Warps are typed configuration files (.warp) that declare the intended shape of a target table — columns, types, nullability, and keys. They enable contract validation, pre-initialization, stub columns, and documentation independent of pipeline execution.

# dim_customer.warp
config_version: "1.0"
columns:
  - name: customer_sk
    type: bigint
    nullable: false
  - name: customer_id
    type: string
    nullable: false
  - name: customer_name
    type: string
  - name: email
    type: string
    default: "unknown"
keys:
  surrogate: customer_sk
  business: [customer_id]

Warp enforcement

Validates pipeline output against the declared contract.

target:
  alias: gold.dim_customer
  warp: dim_customer
  warp_enforcement: enforce

Three modes:

  • warn (default) — log findings, continue execution
  • enforce — fail the thread on any violation
  • off — skip validation

Checks missing columns, type mismatches, and nullable violations. Findings include column-level detail in both log messages and the WarpEnforcementError payload.

Warp-only columns

Columns declared in the warp but absent from pipeline output are appended with their declared default value (or null). This enables stub columns for downstream consumers without requiring the pipeline to produce them.

Pre-initialization

Set warp_init: true to create the Delta table from the effective warp before the first pipeline run. Solves the seed-row chicken-and-egg problem for dimension targets.

Auto-generation

Set warp_mode: auto to write or update the .warp file after each successful run. The generated file carries auto_generated: true as a marker.

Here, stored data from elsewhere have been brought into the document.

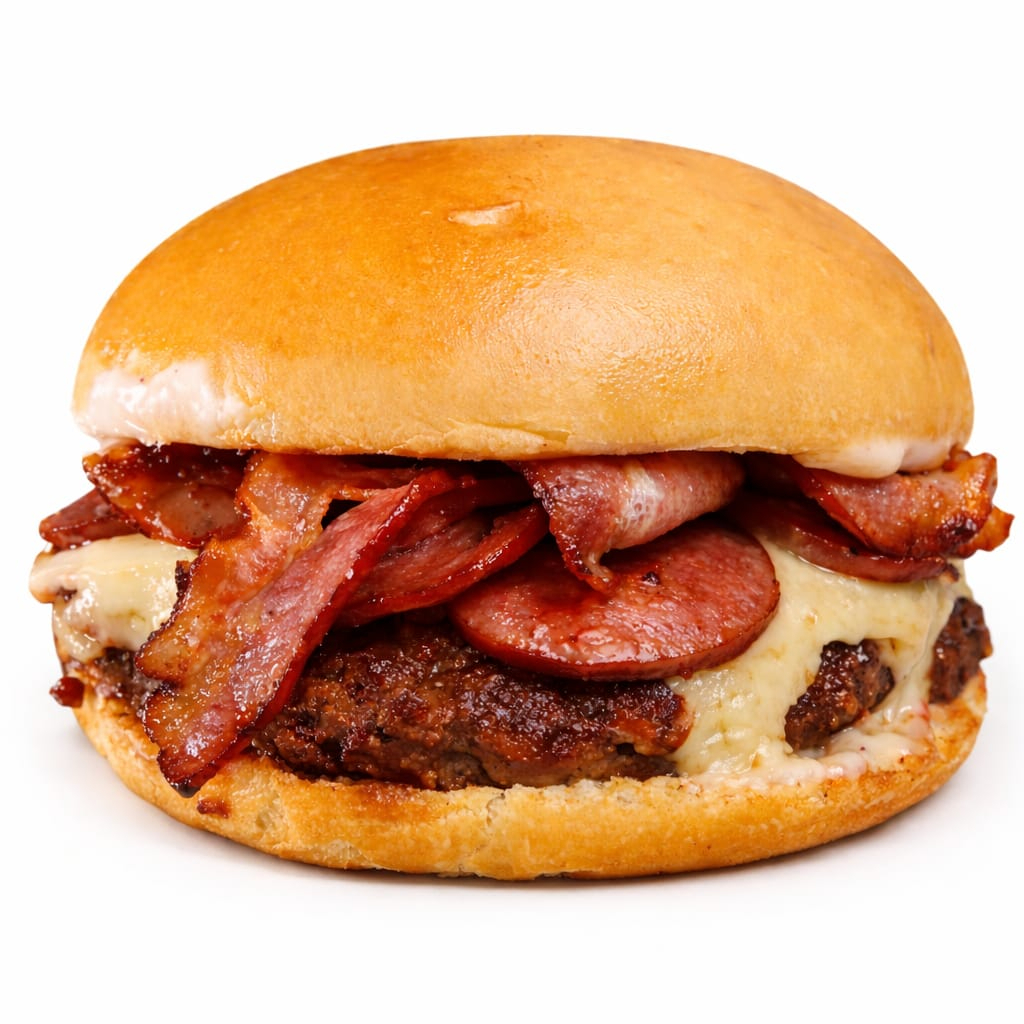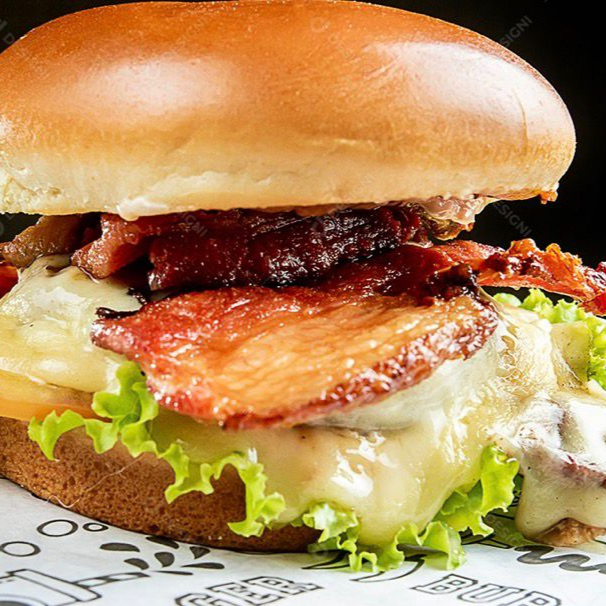 PÃO, CARNE 150G, QUEIJO, CALABRESA, BACON, BATATA FRITA SALADA, BATAT PALHA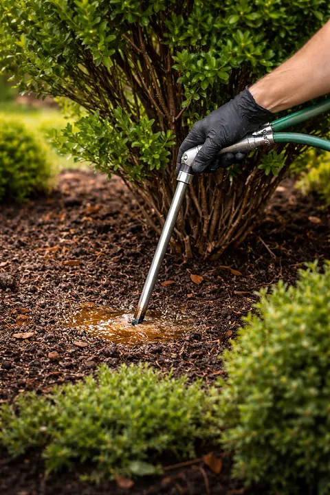 Deep root feeding using soil injection to deliver nutrients and microbes directly to roots boosting tree and shrub health from below.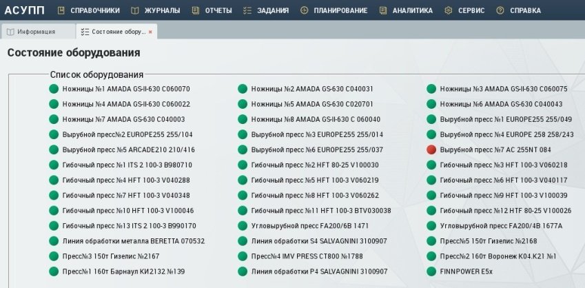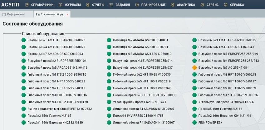 Модуль службы главного механика позволяет осуществлять контроль состояния оборудования. В случае выхода из строя оборудования, мастер участка в соответствующем интерфейсе отмечает данный Ресурс как неисправный, заполняя соответствующие данные о поломке (причина поломки и т.п.).

See the Warps guide for full documentation.


Schema Drift Handling

Configurable behavior when extra columns from upstream source changes reach the target boundary. Operates with or without a warp.

target:
  alias: gold.dim_customer
  schema_drift: strict
  on_drift: warn

Drift modes

Mode Behavior
lenient (default) Extra columns pass through
strict Extra columns handled per on_drift
adaptive Extra columns pass through and extend auto-generated warps

on_drift severity (strict mode)

Action Effect
error Thread fails with SchemaDriftError
warn (default) Extra columns dropped with warning
ignore Extra columns dropped silently

Drift baseline

When a warp exists, the warp column list is the baseline. Without a warp, the existing Delta table schema is used. On first write with no table, drift detection is skipped.

Adaptive + auto

When schema_drift: adaptive and warp_mode: auto are both active, new pipeline columns pass through to Delta and are added to the auto-generated warp with discovered: true.

Cascade

All three settings (schema_drift, on_drift, warp_enforcement) cascade through defaults.target.* at loom, weave, and thread levels.

Observability

Drift events are captured regardless of mode:

  • Telemetrydrift_detected, drift_columns, drift_mode, drift_action_taken on ThreadTelemetry
  • Notebook output — drift report and warp findings sections in _repr_html_()

See the Schema Drift guide for full documentation.


Other Improvements

  • JSON Schema and LLM discoverability — all Pydantic models export JSON Schema with Field(description=...) for LLM tooling. Schema files at docs/schema/.
  • New error typesWarpEnforcementError and SchemaDriftError carry structured payloads (findings, drift_report) for programmatic error handling.
  • Plan mode warp summary — plan/explain output shows warp configuration per thread when non-default settings are present.